● **EXERCISE PROMPT**: Return the stretch from the line with "Prestigiem a cerimônia" through the line with "废墟坡下的林荫道上,靠山一侧" in the data below, character for character, skipping all pictures.

Top of DATA FOR THIS EXERCISE

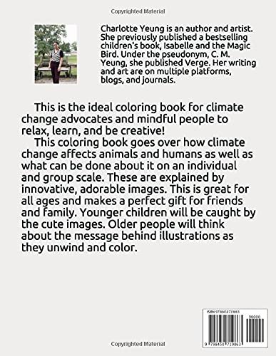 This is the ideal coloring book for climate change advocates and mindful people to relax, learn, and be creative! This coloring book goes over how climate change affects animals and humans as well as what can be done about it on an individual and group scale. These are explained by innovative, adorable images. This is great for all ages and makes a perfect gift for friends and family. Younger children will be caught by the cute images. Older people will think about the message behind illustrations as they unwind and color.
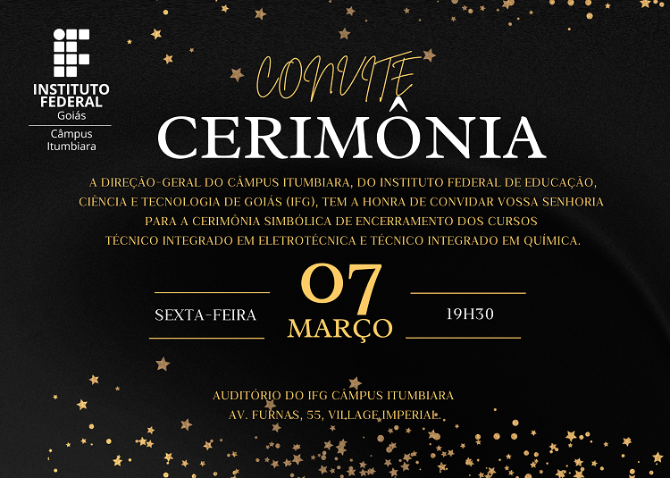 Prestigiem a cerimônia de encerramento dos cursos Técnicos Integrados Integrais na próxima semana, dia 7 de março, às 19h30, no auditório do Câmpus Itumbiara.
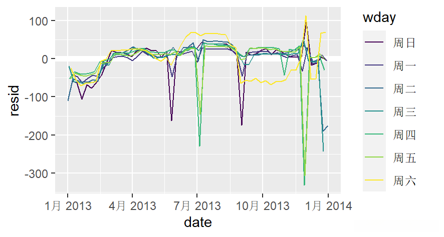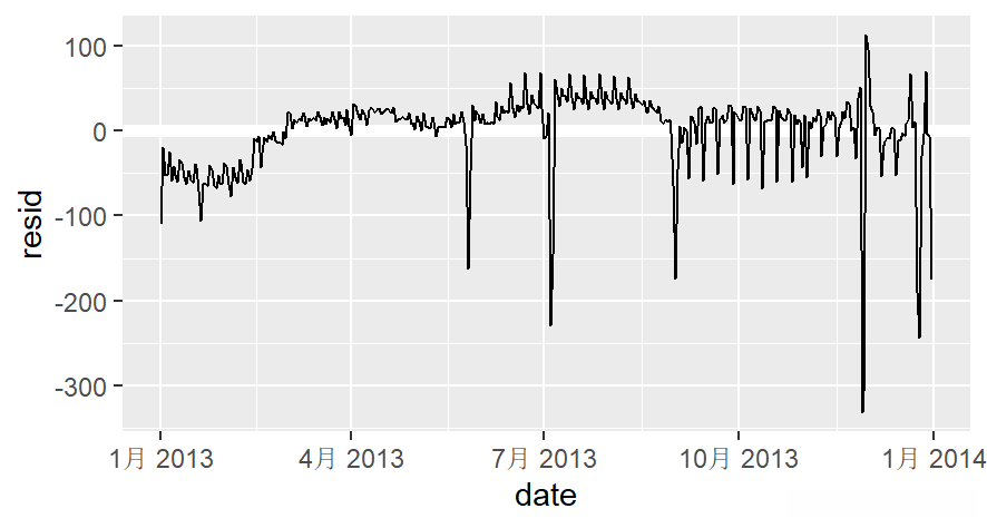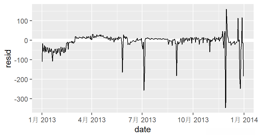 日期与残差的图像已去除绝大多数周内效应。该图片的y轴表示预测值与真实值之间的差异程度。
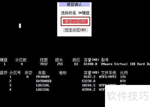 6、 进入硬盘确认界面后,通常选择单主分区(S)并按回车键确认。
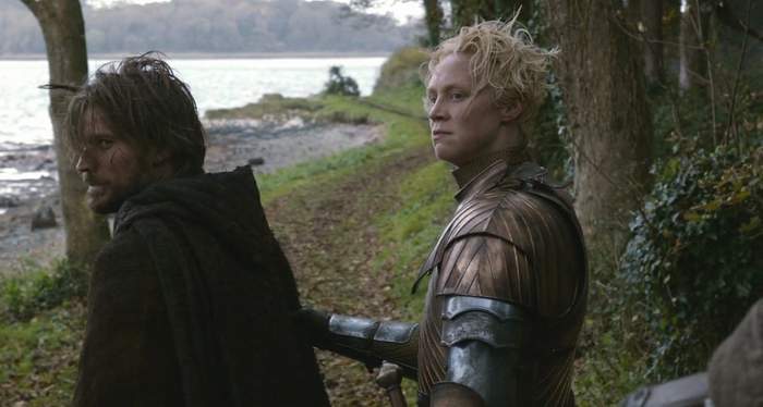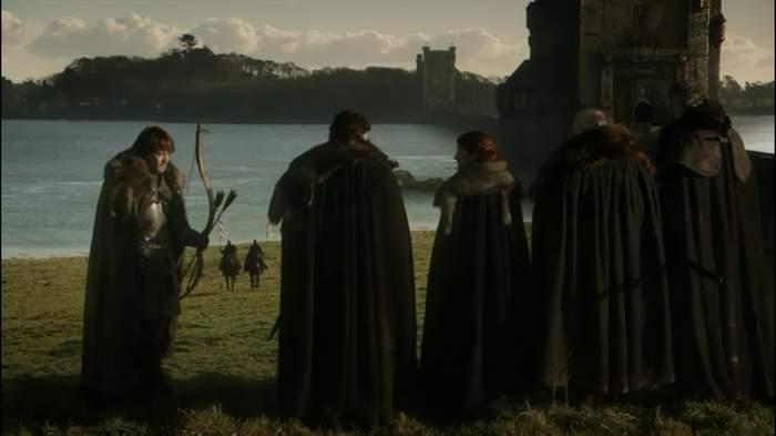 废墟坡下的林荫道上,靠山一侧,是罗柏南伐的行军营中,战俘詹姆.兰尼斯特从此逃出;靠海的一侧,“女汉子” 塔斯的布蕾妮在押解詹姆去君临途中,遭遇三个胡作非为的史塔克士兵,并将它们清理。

Bottom of DATA FOR THIS EXERCISE
Top of DATA FOR THIS EXERCISE

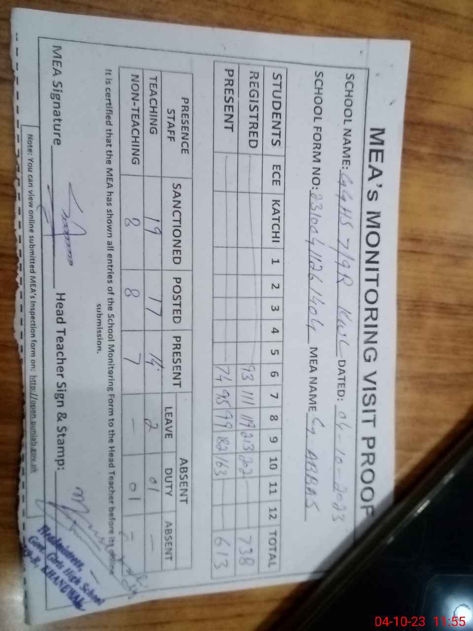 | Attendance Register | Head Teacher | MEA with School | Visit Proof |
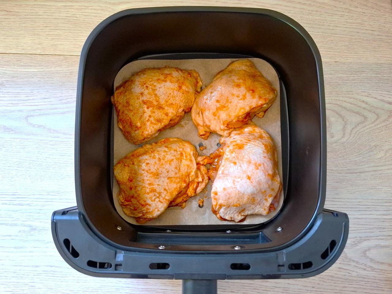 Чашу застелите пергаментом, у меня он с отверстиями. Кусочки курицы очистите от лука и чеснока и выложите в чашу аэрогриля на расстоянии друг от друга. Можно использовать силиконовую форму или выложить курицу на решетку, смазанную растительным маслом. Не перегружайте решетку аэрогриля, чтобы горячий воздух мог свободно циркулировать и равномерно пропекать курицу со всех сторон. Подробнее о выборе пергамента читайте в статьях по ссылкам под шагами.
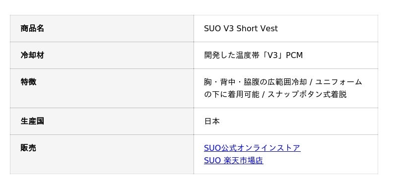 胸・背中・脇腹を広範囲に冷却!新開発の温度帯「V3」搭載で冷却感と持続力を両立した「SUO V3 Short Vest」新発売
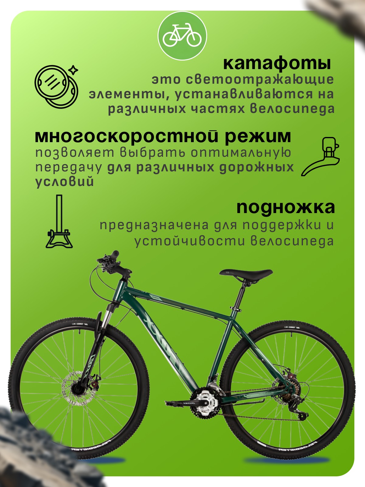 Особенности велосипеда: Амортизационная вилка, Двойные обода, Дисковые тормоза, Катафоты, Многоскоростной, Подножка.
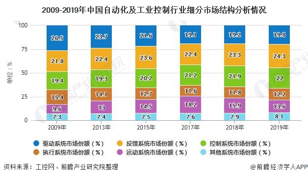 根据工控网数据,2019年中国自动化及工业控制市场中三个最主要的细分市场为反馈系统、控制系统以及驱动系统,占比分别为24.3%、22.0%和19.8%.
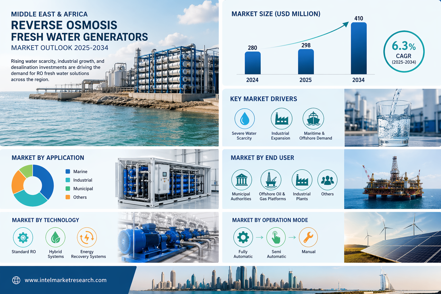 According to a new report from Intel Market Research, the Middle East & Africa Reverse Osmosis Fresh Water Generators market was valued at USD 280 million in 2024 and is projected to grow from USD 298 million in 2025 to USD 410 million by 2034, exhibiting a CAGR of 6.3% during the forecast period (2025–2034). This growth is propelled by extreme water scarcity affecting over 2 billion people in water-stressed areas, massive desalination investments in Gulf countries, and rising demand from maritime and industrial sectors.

Bottom of DATA FOR THIS EXERCISE

● **EXERCISE RESULT**:
 Prestigiem a cerimônia de encerramento dos cursos Técnicos Integrados Integrais na próxima semana, dia 7 de março, às 19h30, no auditório do Câmpus Itumbiara.
 日期与残差的图像已去除绝大多数周内效应。该图片的y轴表示预测值与真实值之间的差异程度。
 6、 进入硬盘确认界面后,通常选择单主分区(S)并按回车键确认。
 废墟坡下的林荫道上,靠山一侧,是罗柏南伐的行军营中,战俘詹姆.兰尼斯特从此逃出;靠海的一侧,“女汉子” 塔斯的布蕾妮在押解詹姆去君临途中,遭遇三个胡作非为的史塔克士兵,并将它们清理。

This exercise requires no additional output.